# Dataset content
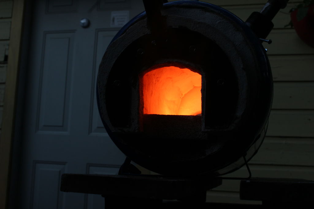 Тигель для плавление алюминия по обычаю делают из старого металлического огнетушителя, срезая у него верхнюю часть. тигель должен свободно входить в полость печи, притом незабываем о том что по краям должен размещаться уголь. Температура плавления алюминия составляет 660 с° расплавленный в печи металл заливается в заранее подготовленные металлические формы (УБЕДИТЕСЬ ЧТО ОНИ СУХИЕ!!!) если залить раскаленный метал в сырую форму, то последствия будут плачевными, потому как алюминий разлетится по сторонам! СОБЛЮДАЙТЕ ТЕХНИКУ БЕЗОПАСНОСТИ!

--

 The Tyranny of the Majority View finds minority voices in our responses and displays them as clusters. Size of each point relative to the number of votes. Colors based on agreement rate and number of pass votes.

==

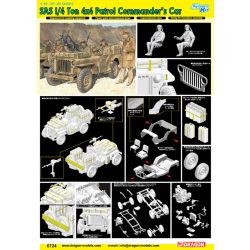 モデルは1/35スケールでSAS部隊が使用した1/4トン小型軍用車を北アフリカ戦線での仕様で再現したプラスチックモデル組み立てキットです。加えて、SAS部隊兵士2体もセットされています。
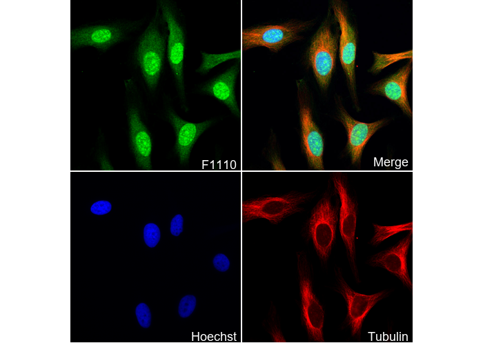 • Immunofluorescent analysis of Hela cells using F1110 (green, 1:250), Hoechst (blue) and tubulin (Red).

# Your goal
Exactly the lines starting at the one above with "モデルは1/35スケールでS" and ending at the one with "and tubulin (Red)." should be printed, and nothing else. Omit the pictures.

# Response to this exercise
 モデルは1/35スケールでSAS部隊が使用した1/4トン小型軍用車を北アフリカ戦線での仕様で再現したプラスチックモデル組み立てキットです。加えて、SAS部隊兵士2体もセットされています。
 • Immunofluorescent analysis of Hela cells using F1110 (green, 1:250), Hoechst (blue) and tubulin (Red).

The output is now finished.